▶ [Directions] All the data below should be printed again without a single difference.

▶ [The data]
*** Block opens ***
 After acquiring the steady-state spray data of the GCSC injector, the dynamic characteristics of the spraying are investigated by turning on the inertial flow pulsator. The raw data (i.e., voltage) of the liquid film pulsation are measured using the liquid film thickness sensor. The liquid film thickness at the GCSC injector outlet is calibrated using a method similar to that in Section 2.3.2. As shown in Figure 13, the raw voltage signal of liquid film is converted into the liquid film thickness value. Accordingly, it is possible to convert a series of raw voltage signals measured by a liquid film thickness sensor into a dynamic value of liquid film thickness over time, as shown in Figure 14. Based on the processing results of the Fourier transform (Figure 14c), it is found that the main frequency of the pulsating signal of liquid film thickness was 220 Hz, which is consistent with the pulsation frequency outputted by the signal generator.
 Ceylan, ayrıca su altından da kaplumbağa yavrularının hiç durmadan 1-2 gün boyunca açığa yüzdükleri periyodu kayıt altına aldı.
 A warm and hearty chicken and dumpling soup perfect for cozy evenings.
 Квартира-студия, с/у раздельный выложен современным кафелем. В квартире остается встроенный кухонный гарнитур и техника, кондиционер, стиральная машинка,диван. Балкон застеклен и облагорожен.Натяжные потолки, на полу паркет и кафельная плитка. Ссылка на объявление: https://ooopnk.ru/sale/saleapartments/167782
*** Block closes ***
▶ [Solution to the exercise]
 After acquiring the steady-state spray data of the GCSC injector, the dynamic characteristics of the spraying are investigated by turning on the inertial flow pulsator. The raw data (i.e., voltage) of the liquid film pulsation are measured using the liquid film thickness sensor. The liquid film thickness at the GCSC injector outlet is calibrated using a method similar to that in Section 2.3.2. As shown in Figure 13, the raw voltage signal of liquid film is converted into the liquid film thickness value. Accordingly, it is possible to convert a series of raw voltage signals measured by a liquid film thickness sensor into a dynamic value of liquid film thickness over time, as shown in Figure 14. Based on the processing results of the Fourier transform (Figure 14c), it is found that the main frequency of the pulsating signal of liquid film thickness was 220 Hz, which is consistent with the pulsation frequency outputted by the signal generator.
 Ceylan, ayrıca su altından da kaplumbağa yavrularının hiç durmadan 1-2 gün boyunca açığa yüzdükleri periyodu kayıt altına aldı.
 A warm and hearty chicken and dumpling soup perfect for cozy evenings.
 Квартира-студия, с/у раздельный выложен современным кафелем. В квартире остается встроенный кухонный гарнитур и техника, кондиционер, стиральная машинка,диван. Балкон застеклен и облагорожен.Натяжные потолки, на полу паркет и кафельная плитка. Ссылка на объявление: https://ooopnk.ru/sale/saleapartments/167782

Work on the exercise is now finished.